Hapkido is governed by three essential principles. The first has to do with a circular nature, that all motions move within a round and that activity while sparring is kept inside a ball of energy, with opponents focusing energy tightly within. This art also incorporates a principal of the river, which involves flowing and easily adapted motion; energy is conserved for the right moment, like a river breaking out. Hapkido uses the principle of influence, forcing a would be attacker to adopt defensive movements and leave openings which can be taken advantage of.

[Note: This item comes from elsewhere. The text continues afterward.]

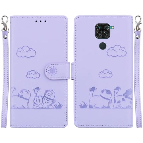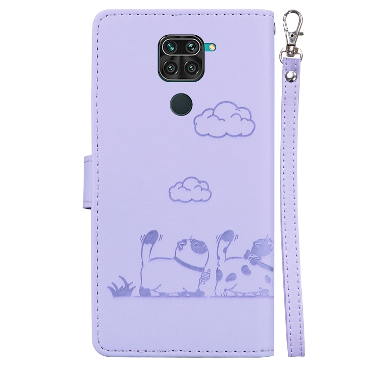 Funda de Cuero Rfid con Diseño de Gatos para Redmi Note 9/10X 4G (Morada)

This discipline incorporates weapons, knowledge of nerve points, kicking, throws, joint locks, and hitting techniques into a flowing and beautiful discipline wherein an attacker can be easily neutralized. As a defensive martial art, Hapkido is designed to deflect attack back onto the attacker in a peaceful way. Often, it takes advantage of nerve points in conjunction with joints to immobilize an attacker. This discipline does not require great strength, and as a result, Hapkido is often integrated into self defense classes for weaker individuals.
Hapkido incorporates physical and spiritual discipline to build character as well as self defense skills. The desired end result is a well rounded, peaceful individual who is capable of self defense in situations where it is warranted.